● **TASK INSTRUCTIONS**:
Go to the line below that has "Veste suédine col", print it and each line after it exactly, and stop after the line that has "نتائج الترتيب الآلي"; leave out pictures.

● **ENTRIES SUPPLIED**:
******
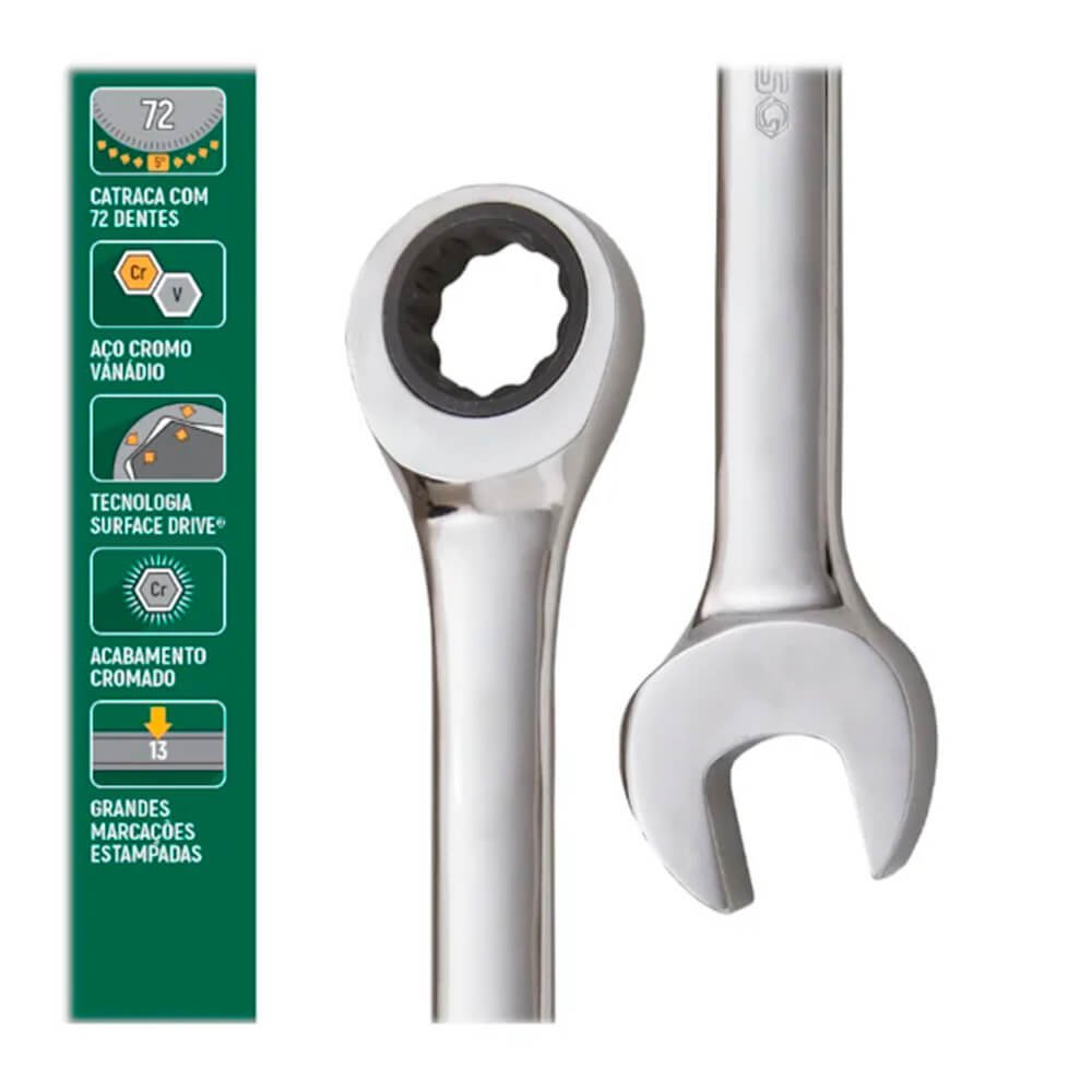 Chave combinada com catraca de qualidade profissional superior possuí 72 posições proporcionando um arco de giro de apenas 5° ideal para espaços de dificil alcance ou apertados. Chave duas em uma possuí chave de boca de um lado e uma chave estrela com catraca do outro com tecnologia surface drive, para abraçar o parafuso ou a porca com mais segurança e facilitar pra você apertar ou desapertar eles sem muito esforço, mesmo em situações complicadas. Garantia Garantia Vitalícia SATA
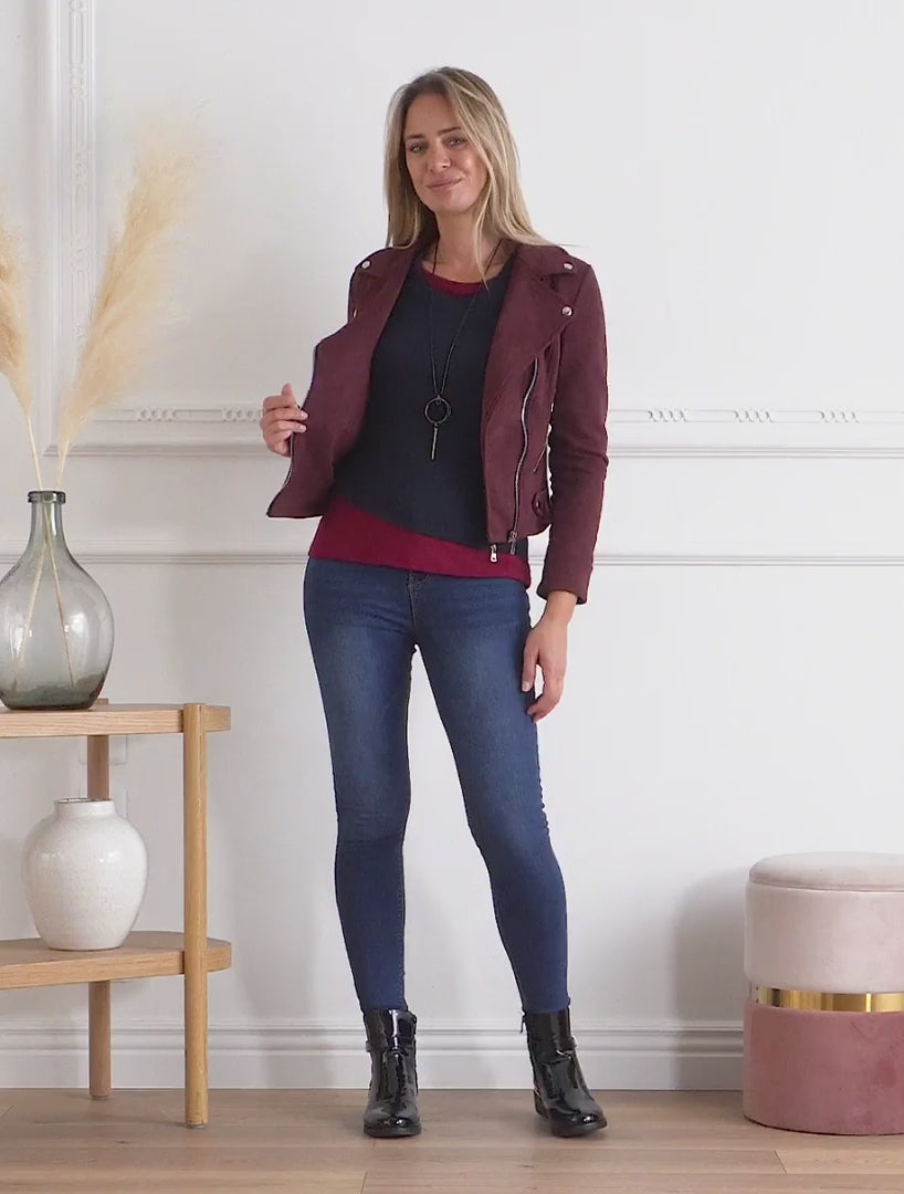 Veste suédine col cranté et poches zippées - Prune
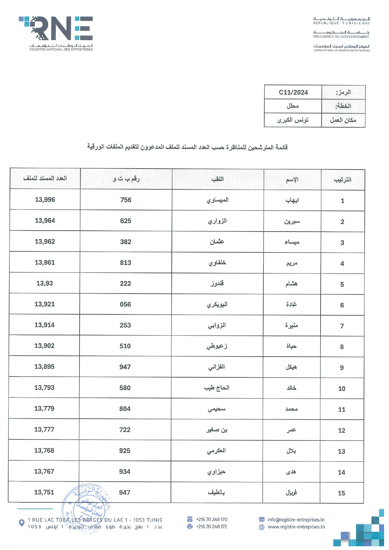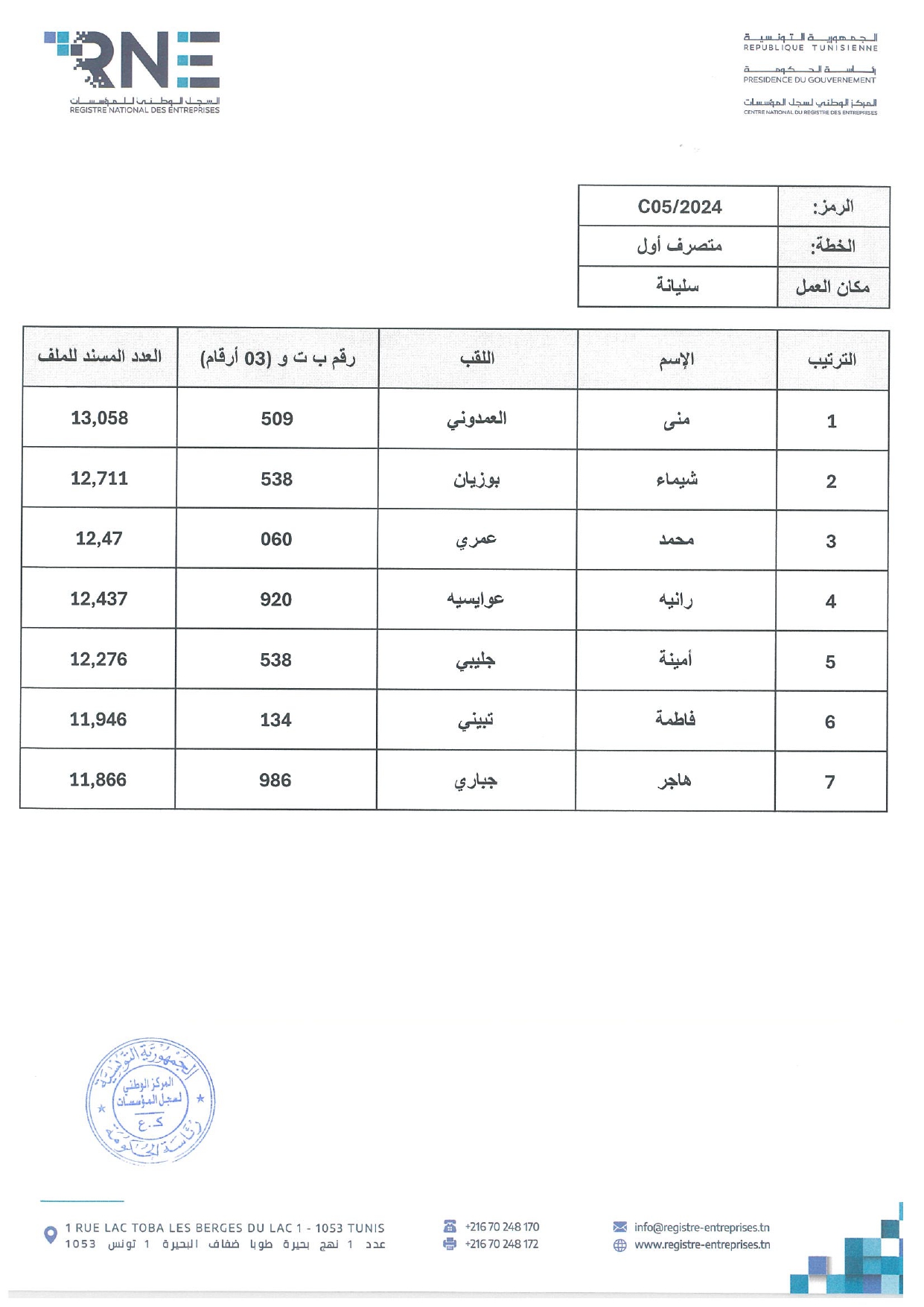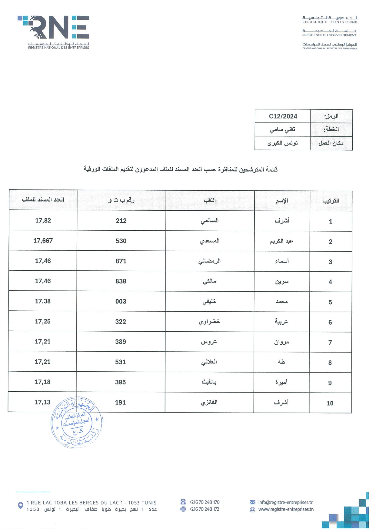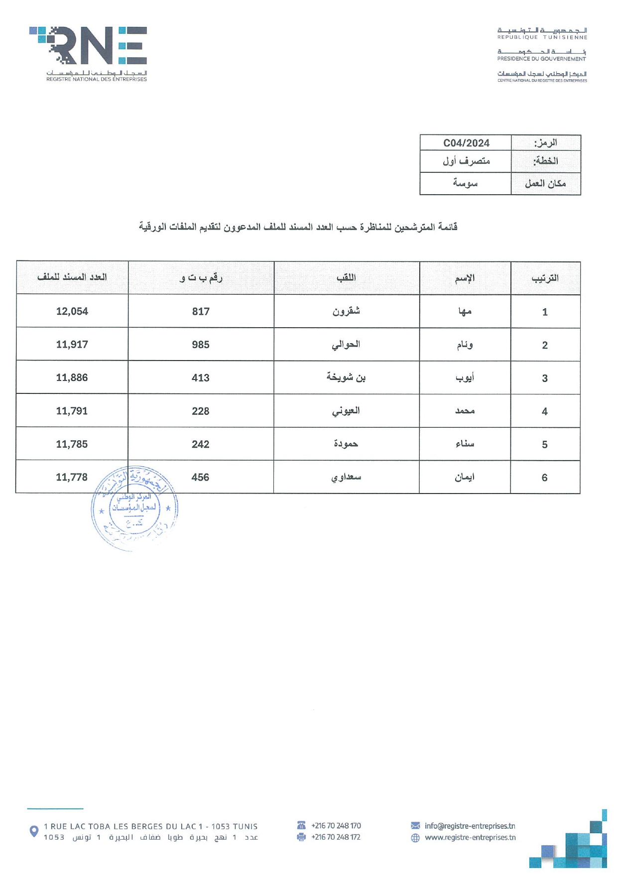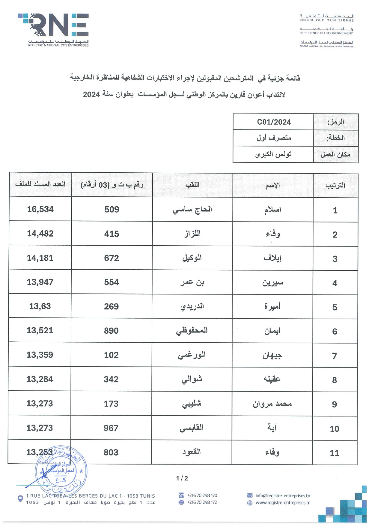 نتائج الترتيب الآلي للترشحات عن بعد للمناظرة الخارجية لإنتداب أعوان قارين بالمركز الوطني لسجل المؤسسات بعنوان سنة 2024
******
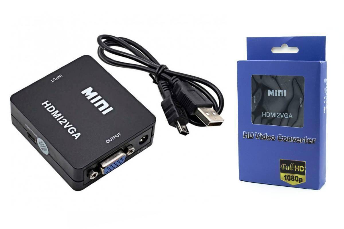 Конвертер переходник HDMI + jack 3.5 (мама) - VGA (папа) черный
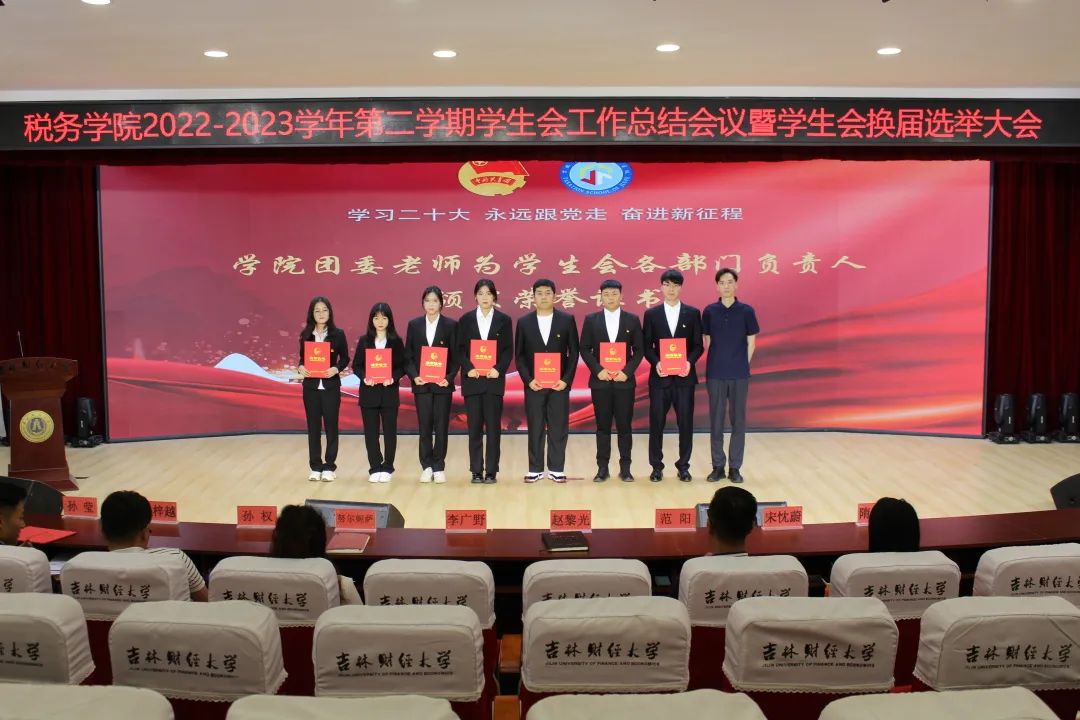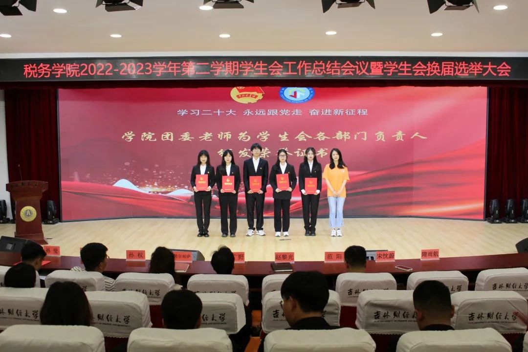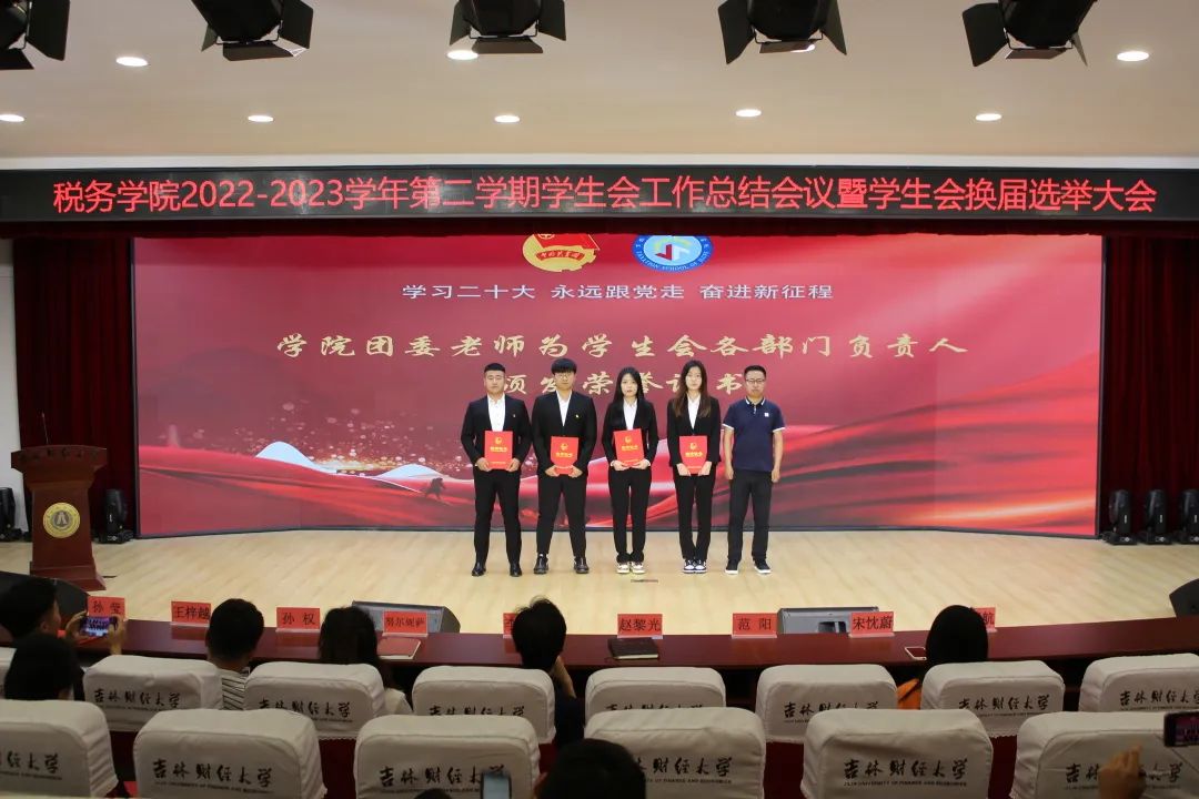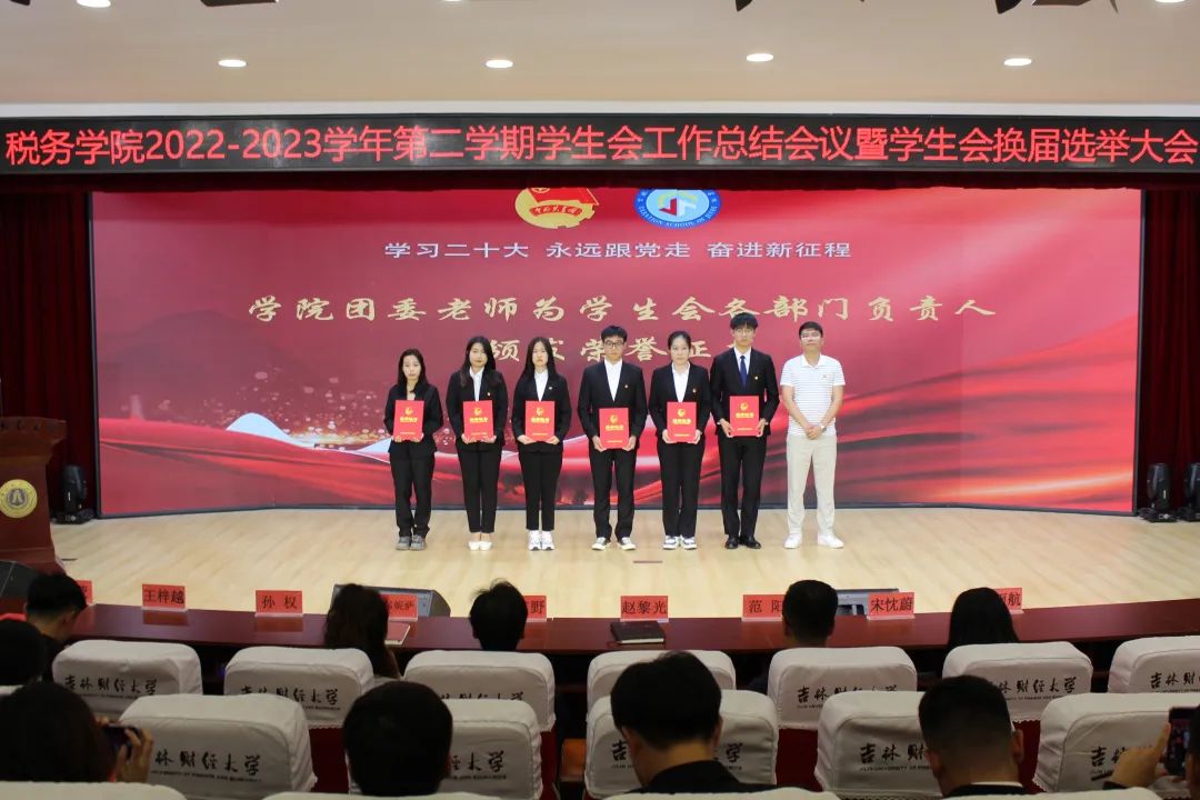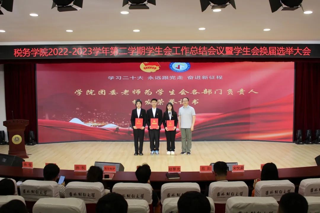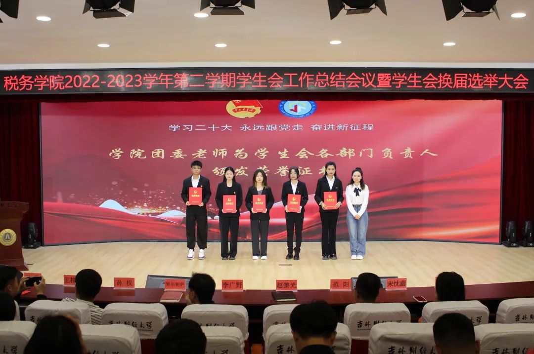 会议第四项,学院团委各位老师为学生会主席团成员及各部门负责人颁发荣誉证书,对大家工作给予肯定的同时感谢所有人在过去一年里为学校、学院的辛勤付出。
******
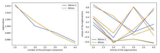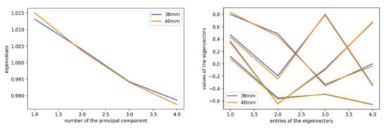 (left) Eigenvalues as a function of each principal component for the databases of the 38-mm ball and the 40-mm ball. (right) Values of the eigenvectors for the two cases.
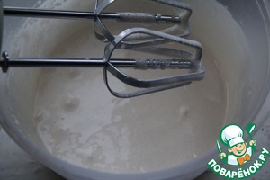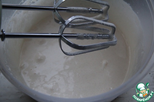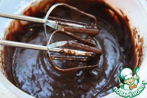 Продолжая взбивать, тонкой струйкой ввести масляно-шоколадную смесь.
******
● **RESPONSE BELOW**:
 Veste suédine col cranté et poches zippées - Prune
 نتائج الترتيب الآلي للترشحات عن بعد للمناظرة الخارجية لإنتداب أعوان قارين بالمركز الوطني لسجل المؤسسات بعنوان سنة 2024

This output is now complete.